Как это чудно – знать, что все дела твои сделаны.
Человек в синей чалме у автобусной остановки на Литейном. У человека длинные черные висячие усы. Он в сапогах. На сапогах – галоши. Человек побывал в Мекке, поклонился Каабе и теперь стоит здесь, на автобусной остановке. Такой представительный человек, в такой экзотической чалме и в таких смешных старомодных галошах.
Вдруг заметил – в романе моем есть нечто от «Идиота» Достоевского. Герой – чуточку князь Мышкин, героиня – немножко Настасья Филипповна, а Ковырякин очень смахивает на Рогожина.
Роман прочитан Сашей Т. Оценка высокая. Сюжет и стиль вполне хороши. Замечания: середина романа слегка пропадает – ей не хватает динамизма, монолог Ковырякина в трактире выпадает – он не связан стилистически со всем остальным, некоторые сюжетные линии слишком рано обрываются – они могли бы протянуться через весь роман.
Запах мандаринов – с раннего детства новогодний запах.
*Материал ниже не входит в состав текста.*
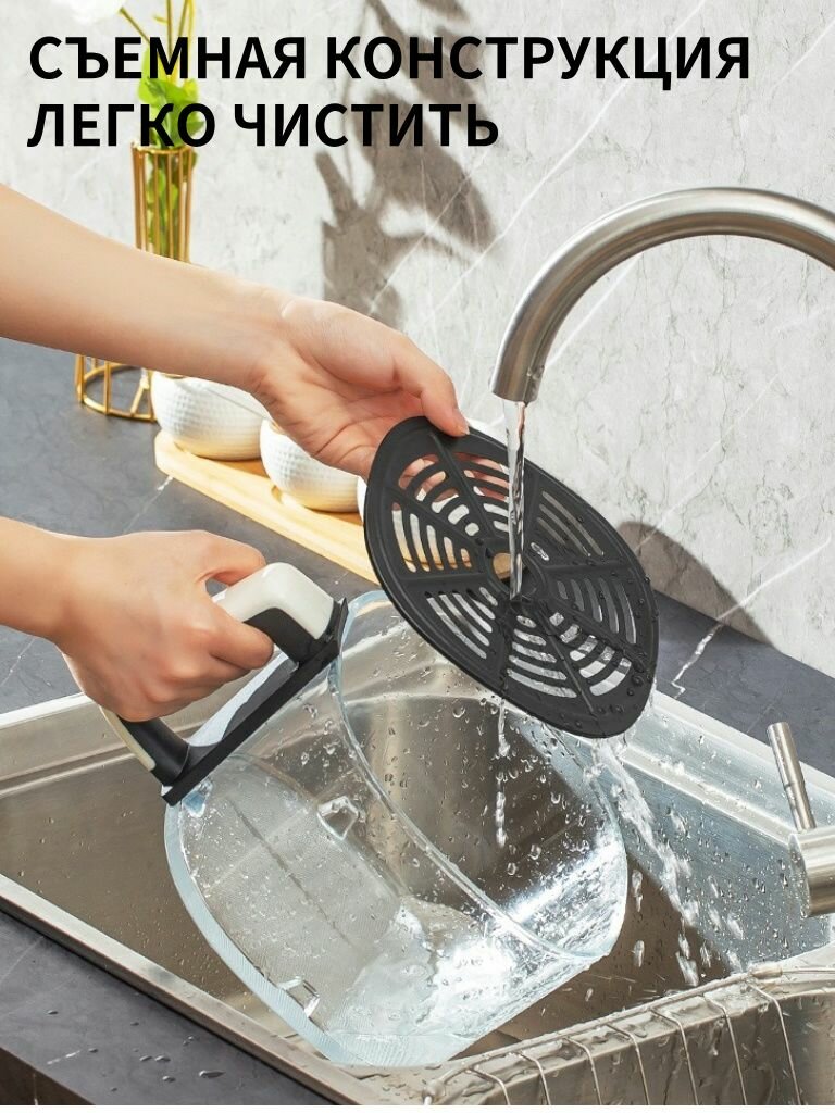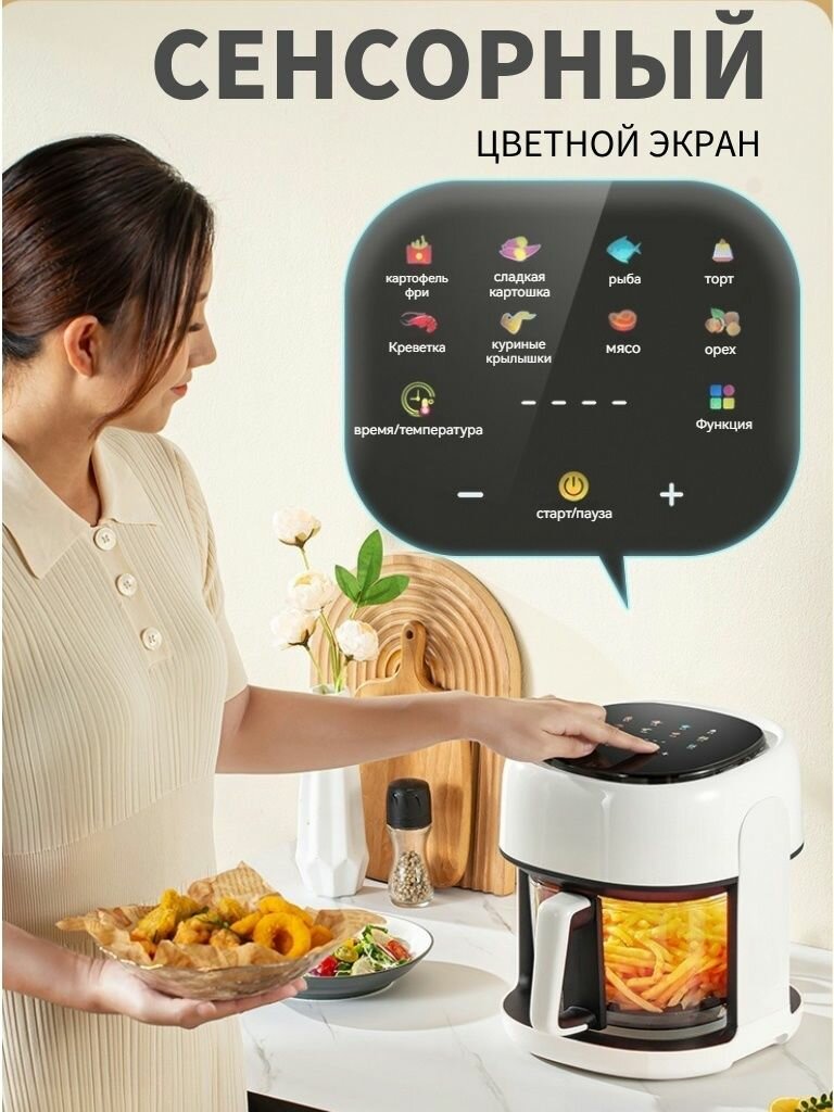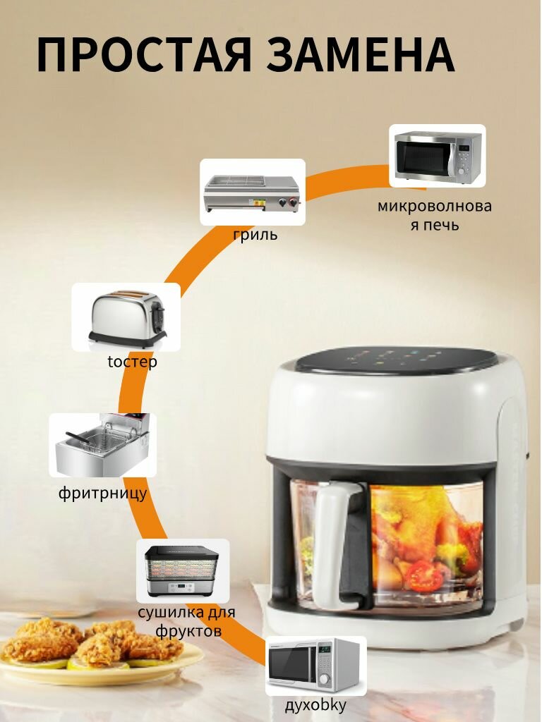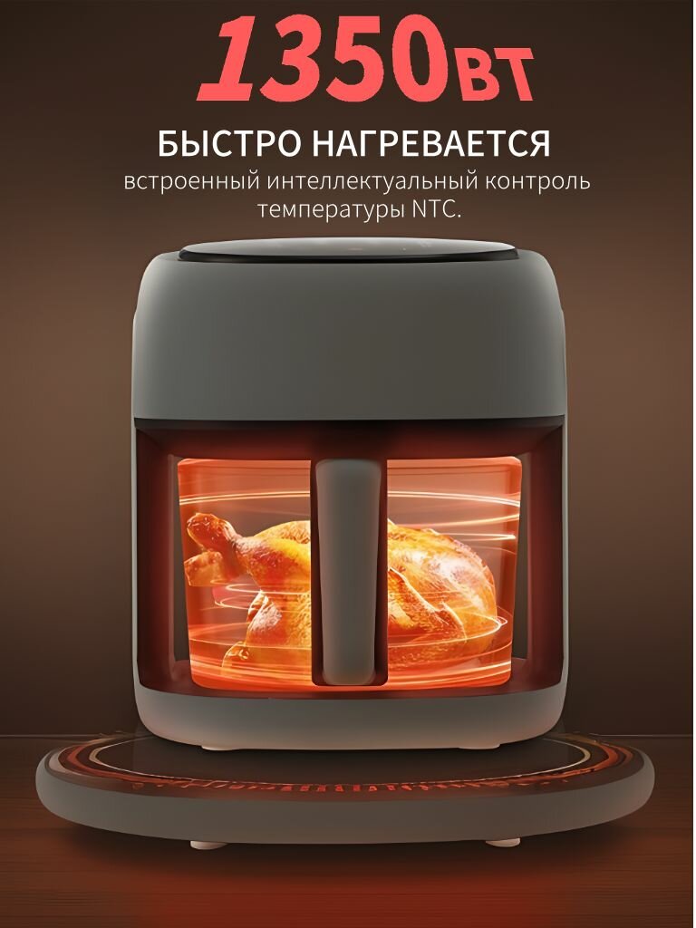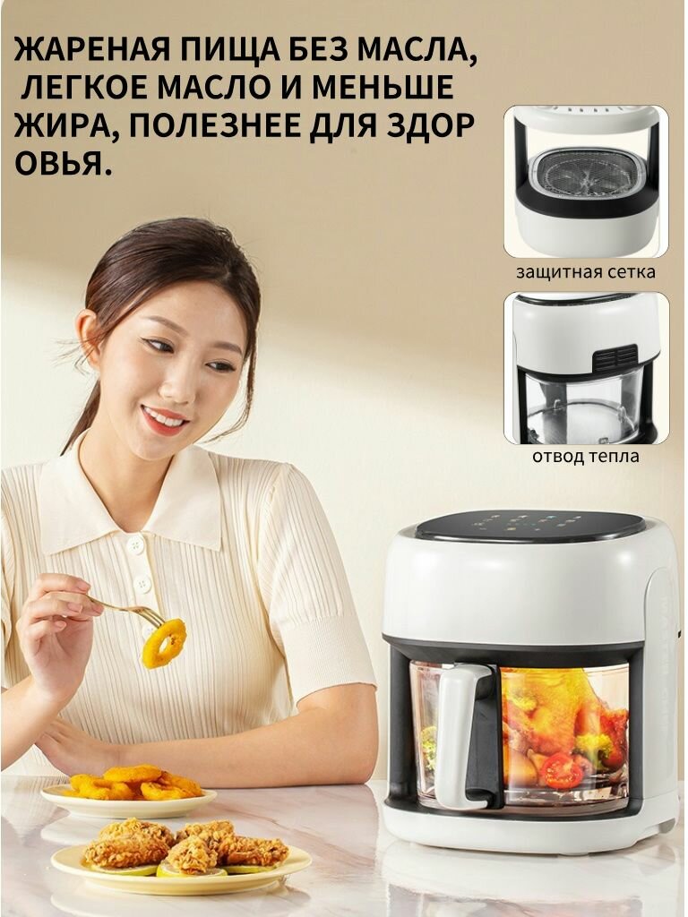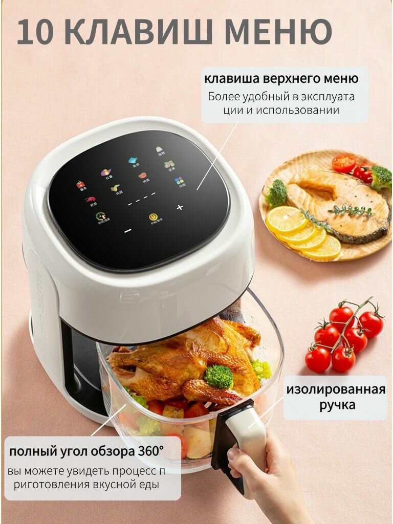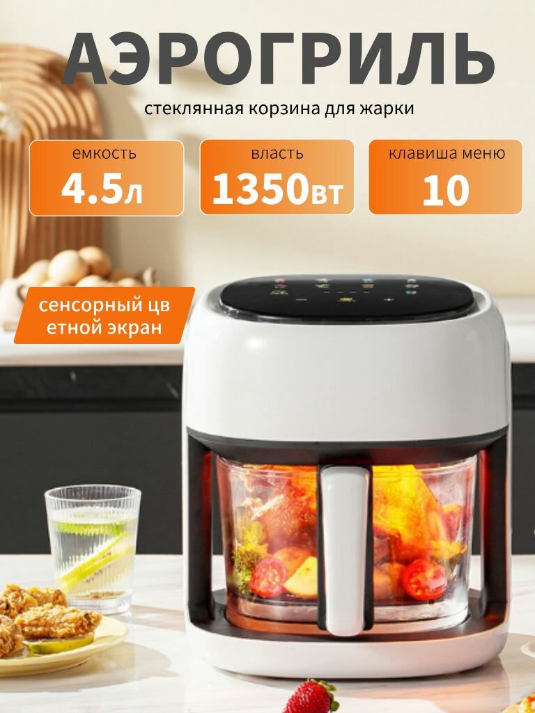 Аэрогриль 4.5л, 10 кнопок предустановленного меню, высококачественное боросиликатное стекло. интересное:
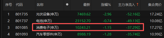 今天消费电子板块就主力直接跑了37亿元。
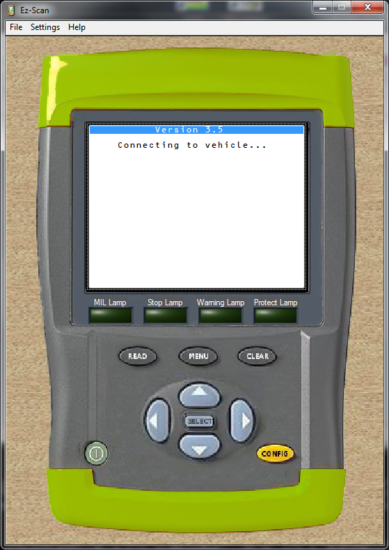 Step 1: Start the software - You will see the connecting screen appear like the image below. If you are using an Ez-TAP from XscapeEz, the software will automatically connect to the vehicle. If you are using any other RP1210 adapter, a box will appear asking you to choose your device
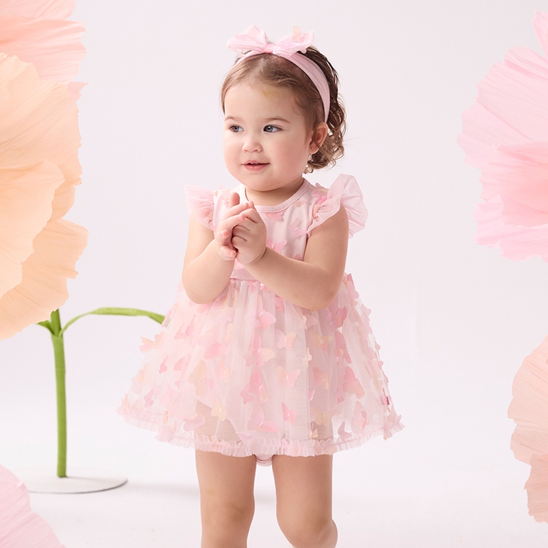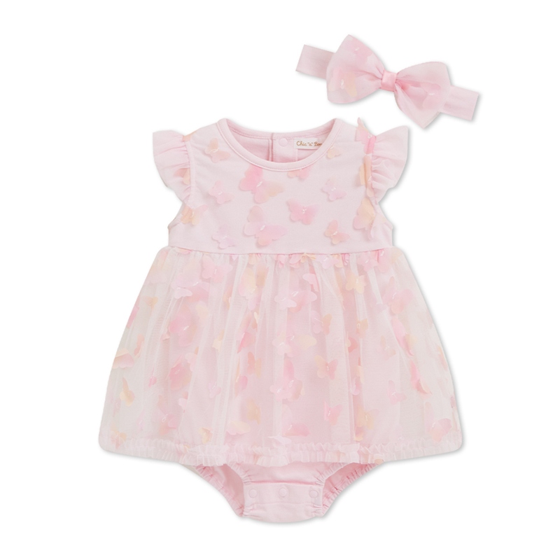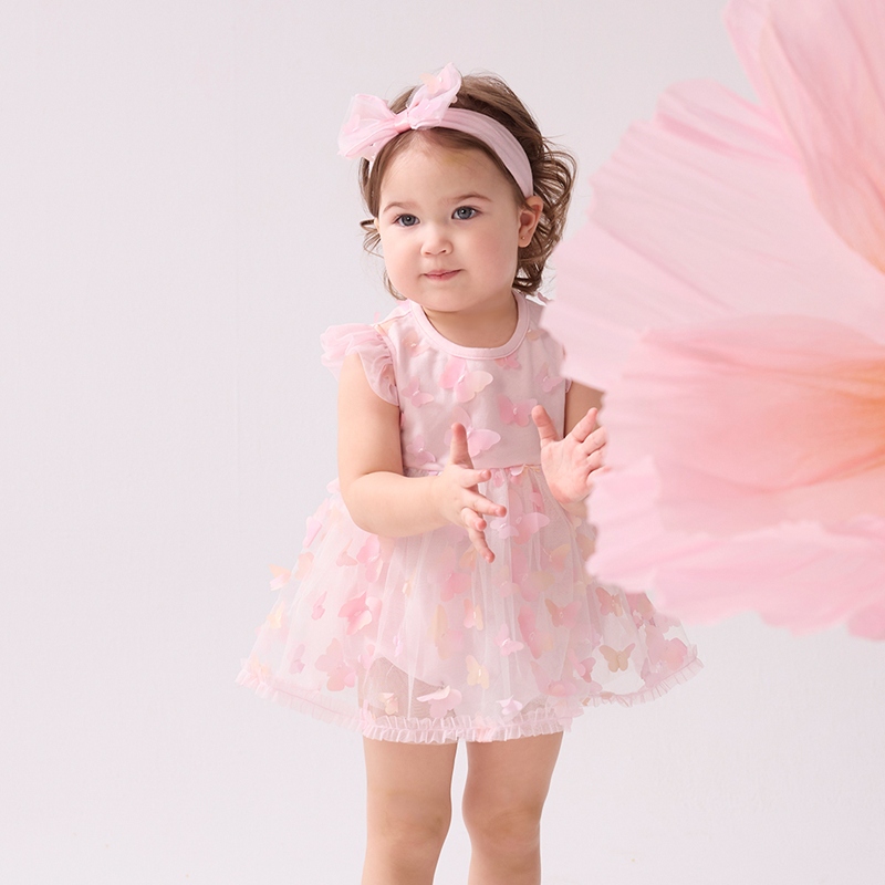花蝶熊立體蝴蝶短袖兔裝-附髮帶
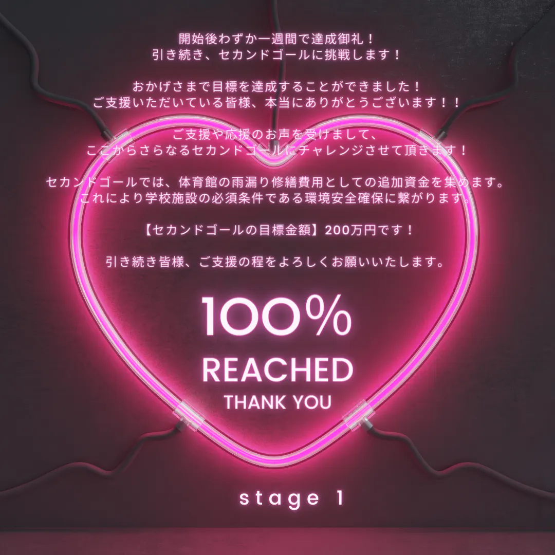 この先、セカンドステージにて体育館の雨漏り含む内外装修繕の追加支援に伴い、改めてお願い申し上げます。
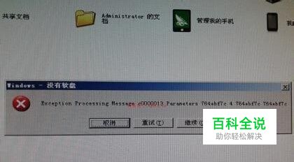 Windows-没有软盘,内容是Exception Processing Message c0000013 Parameters 764ebf9c 4 764ebf9c 764ebf9 提示下面有三项选择:取消 重试 继续 无论选哪个次对话框还是重复出现。。。。图文如下:
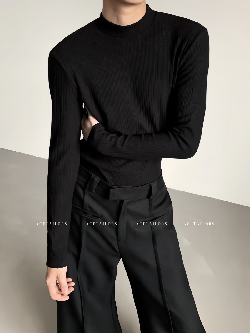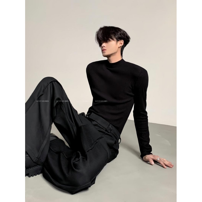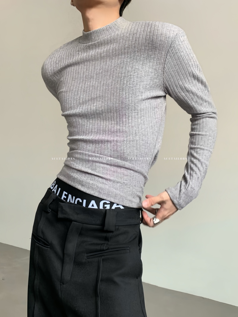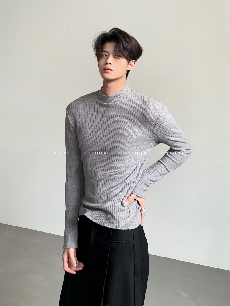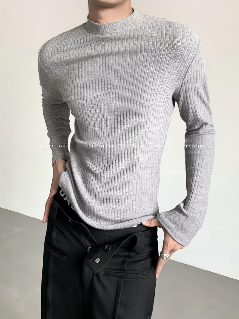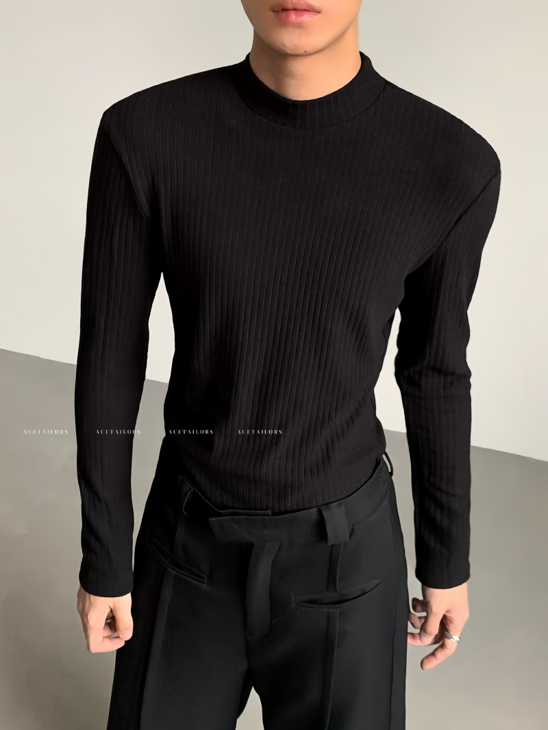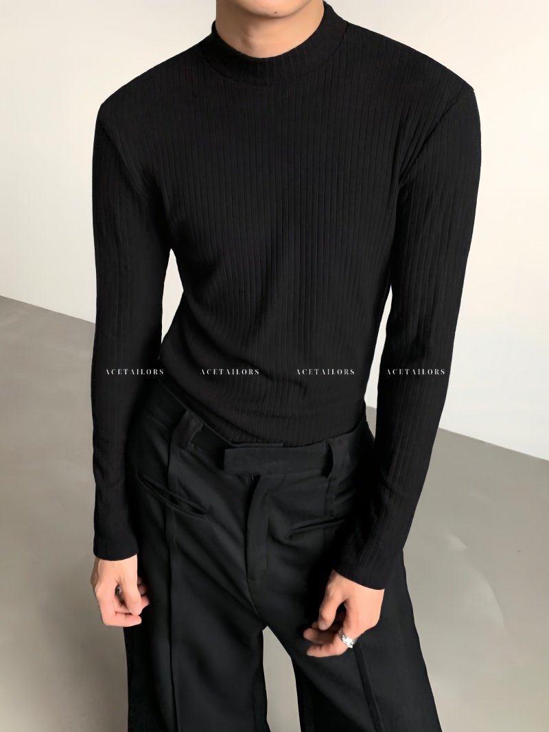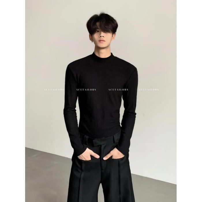 ACE'小衆設計感簡約純色半高領打底針織衫秋冬修身內搭保暖毛衣男

Но до Нового года еще целый месяц.
Проза, лишенная прямой речи, хотя бы мысленной речи, непременно оказывается скучной. Проза, лишенная сюжета или иного каркаса, в большинстве случаев оказывается плохо перевариваемой. Пространные тексты тем или иным способом должны быть организованы. (А ведь и я когда-то соблазнялся хаосом.)
Тверь.
Улицы старого города. Низкие деревянные избы в три окна по фасаду. Резные наличники. Скамейки у ворот.
Галки, голуби, вороны, воробьи. Церковь XVI века – «Белая Троица». Остатки Ново-Михайловского монастыря. Собор в неорусском стиле начала века. Все стекла выбиты. В окнах видны пустые заплесневевшие стены. Разорение, запустение, тлен. Рыбаки на льду Тьмаки. Лед тает – там и сям лужи и полыньи. Здание, похожее на школу. У входа надпись: «Институт приборной автоматики». В садике перед фасадом покрашенные серебряной краской бюсты Пушкина, Николая Островского и Крылова. Рыжий с белым пушистый кот долго и осторожно подкрадывается к голубю. Вот он замер – прыгнет или не прыгнет? Не успевает прыгнуть – голубь улетает.
Читаю отрывки из романа княгине. Она взволнована. «Это лучшее твое творение! Все, что было раньше, – прелюдия к этому!»
Я тоже взволнован.
Княгиня провожает меня на вокзале. Я вижу ее лицо в запотевшем окне вагона. Она что-то говорит, но я не слышу – что. Поезд трогается – лицо княгини исчезает. Четыре часа еду до Питера и читаю «Пушкина» Тынянова. Тынянов молодец.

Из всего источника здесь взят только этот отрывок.